Taking the boy was a bad idea, Usurient believed, because while fully grown and otherwise entirely capable, Mauerlin lacked experience. But he said nothing to Mallich because it wasn’t his place to do so. As one of many, perhaps the boy would be in no special danger. Surely the father would recognize the need to keep a close eye on his son.

But he misjudged Mallich’s determination to give his son an opportunity to prove himself. Arriving at the village of Dorrat, the company split in two. Mallich took command of the first unit and gave the second over to his son. Each of them would take one of the jukens, and Mauerlin would be given the drask, as well. Their quarry’s scent was provided through a piece of clothing retrieved from among the clothes Arcannen had abandoned in Wayford when he had fled the city.

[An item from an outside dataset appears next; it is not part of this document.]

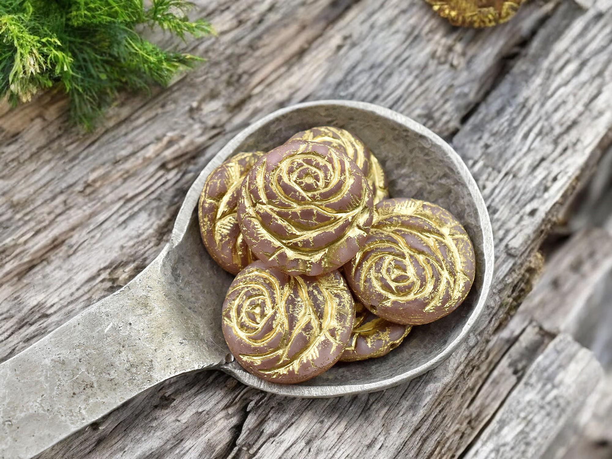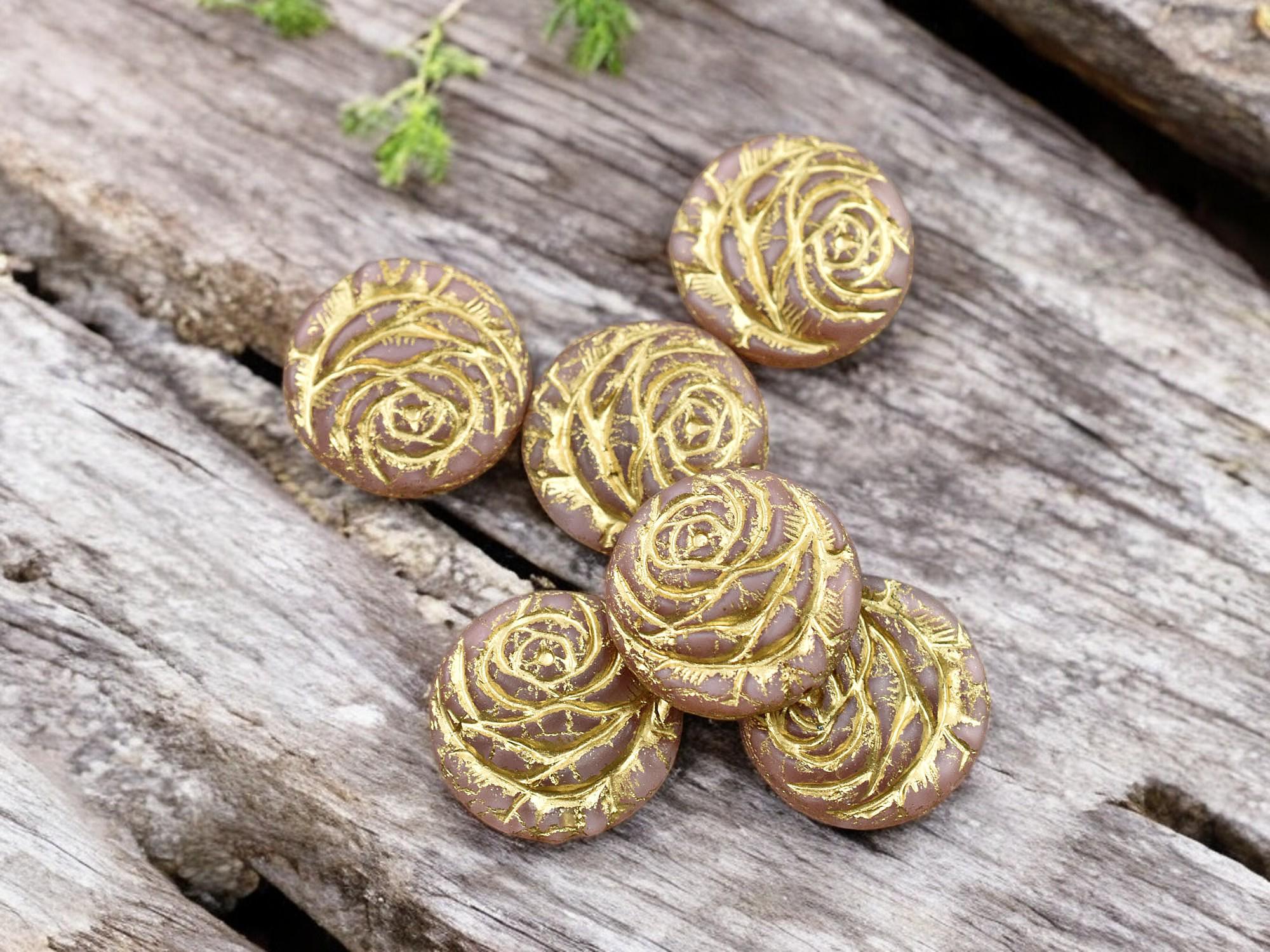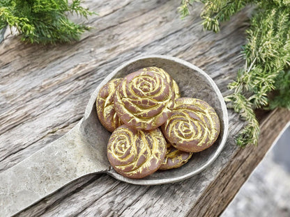 *6* 18mm Bronze Washed Vintage Pink Silk Rose Flower Coin Beads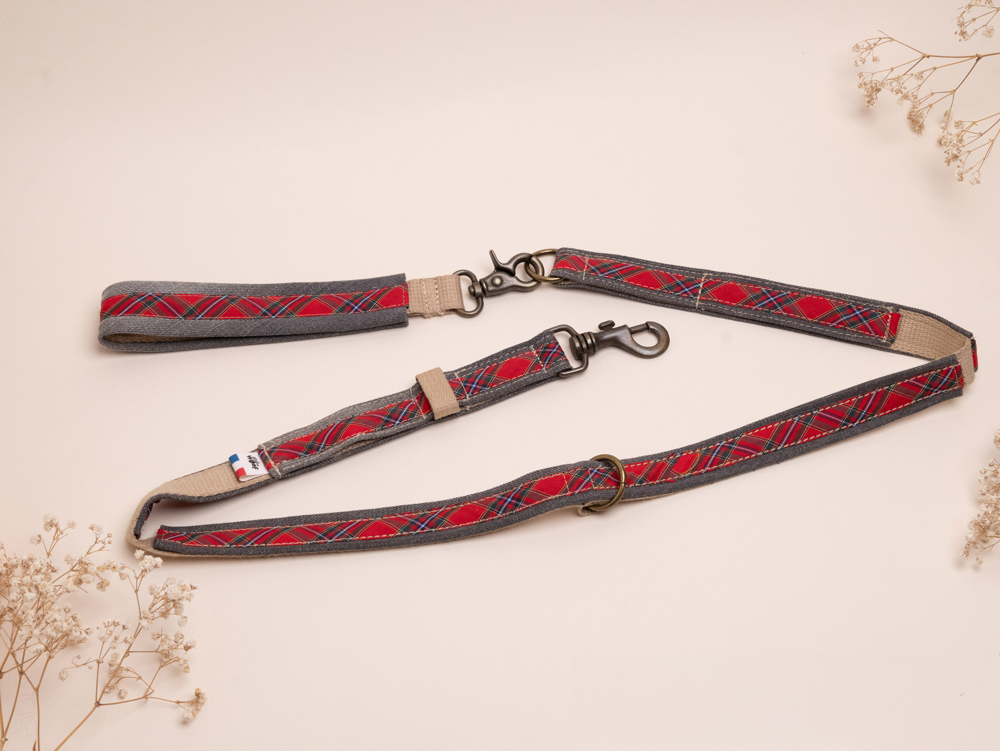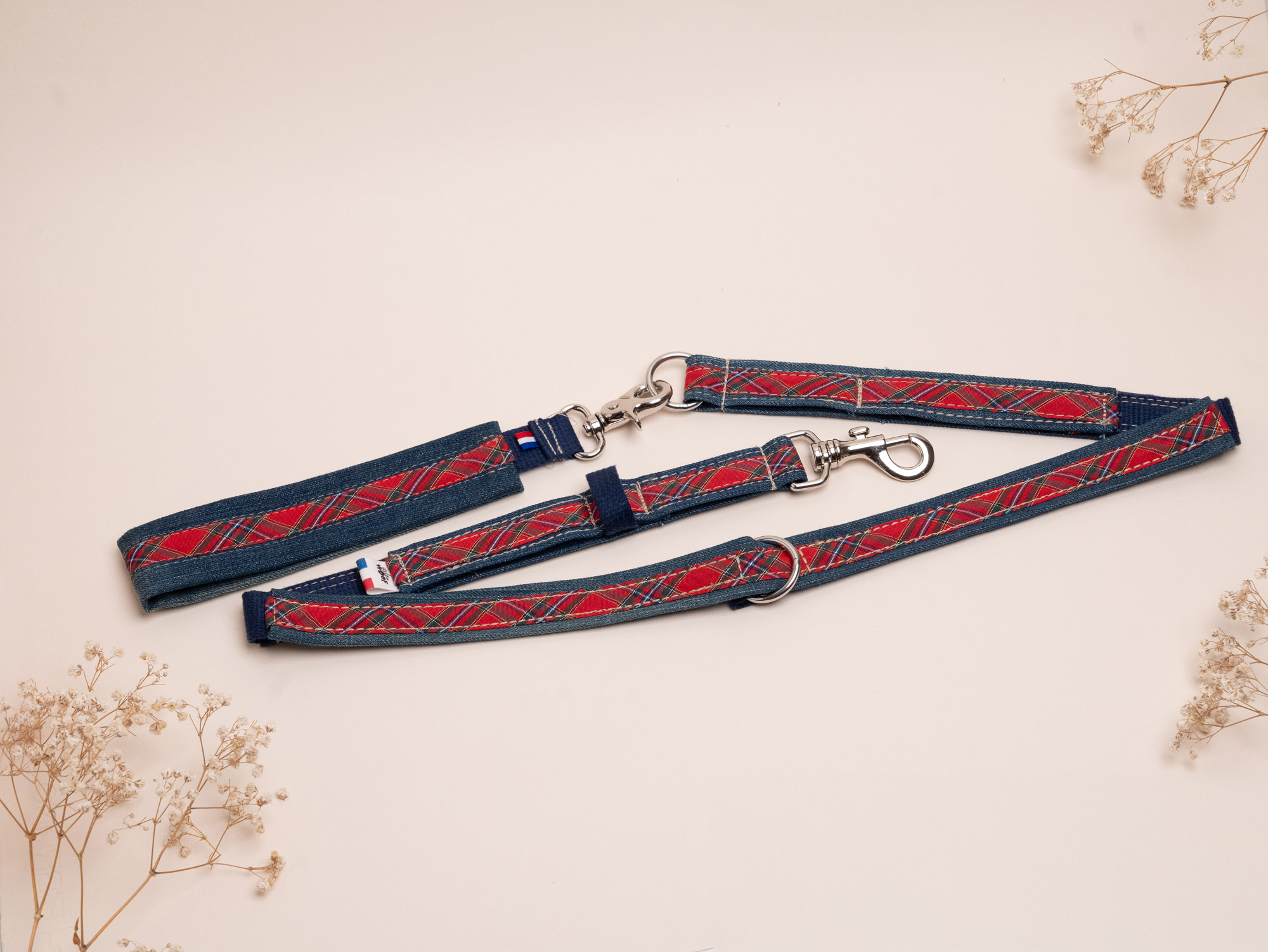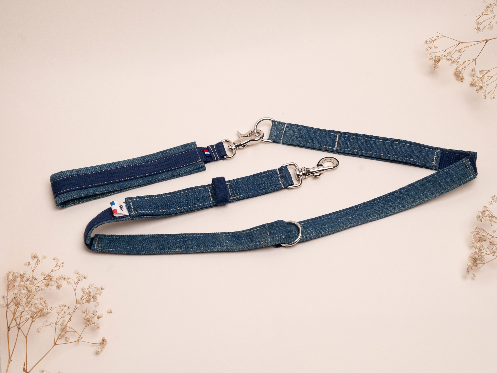 Avec cette laisse en Jean surcyclé triple position, promenez votre chien avec élégance et engagement. À la fois robuste et respectueuse de l'environnement, elle s'accorde parfaitement avec nos harnais et colliers pour offrir une promenade confortable et stylée.

A quick sniff was provided to the animals, and the two expeditions were off.

They approached their search methodically, coming toward each other from opposite ends of the village. They held off until after nightfall, biding their time until they knew most of the villagers would be in bed. They searched quietly and efficiently, allowing the jukens to set the pace. Mallich had already determined, through a surreptitious investigation by one of his most trusted scouts, that Arcannen was still in the village. It was troubling to him that no one seemed to know exactly where the sorcerer kept his quarters, but overall that seemed an inconsequential obstacle.

In fact, it was their undoing.

However he managed it–whether through some mistake by Mallich or some warning system he had set in place previously–Arcannen quickly discovered he was being hunted. Rather than waiting around to be found, he went down into the streets and began to track the hunters coming at him from the north.

Mauerlin’s unit.

What happened afterward was never entirely clear to anyone, in part because there was no one left to describe it. Arcannen took out the drask and jukens first, and when the hunters were left blind and in disarray, he took them out as well. One by one, he picked them off until all lay dead save their leader.

Then he set out to make an example of Mallich’s son before fleeing into the night and disappearing once more.

When the father found his son, Mauerlin was hanging inside the blacksmith’s by his arms. A weight was tied to his legs, which in turn were connected by a length of rope that was fastened about the boy’s neck in a noose. So long as Mauerlin kept his legs raised, he was safe. But when he tired and the weight pulled his legs down, the noose about his neck tightened.

Usurient, who had seen men die in every way conceivable, knew what that must have been like for the boy as he fought to keep from strangling and for the father when he found him afterward.

They had never talked about it, Mallich and he. But Usurient, who knew men and understood their passions, never doubted what the boy’s death had done to the father or how badly the father hungered for retribution. He might act as if the matter were over and done with and he had gotten past it. He might pretend that he didn’t spend every waking hour waiting for a chance to do to the sorcerer what he had done to Mauerlin. But Usurient knew better.

You never got over the death of a child and the guilt that somehow attached to it.

It was not more than thirty minutes after he arrived when the tavern door swung open and Mallich appeared. Usurient had chosen a table near the back of the room that allowed him a clear view of those who entered but forced the latter to search a bit in order to find him. Mallich was quick, however, finding him almost at once and moving over to the table to sit.

Usurient signaled for a tankard and leaned back again in his chair. “I can order you something to eat, if you wish.”

Mallich glowered. “You can stop being clever. If I weren’t persuaded to listen to your offer, I wouldn’t be here. So let’s get on with it. Say what you have to say.”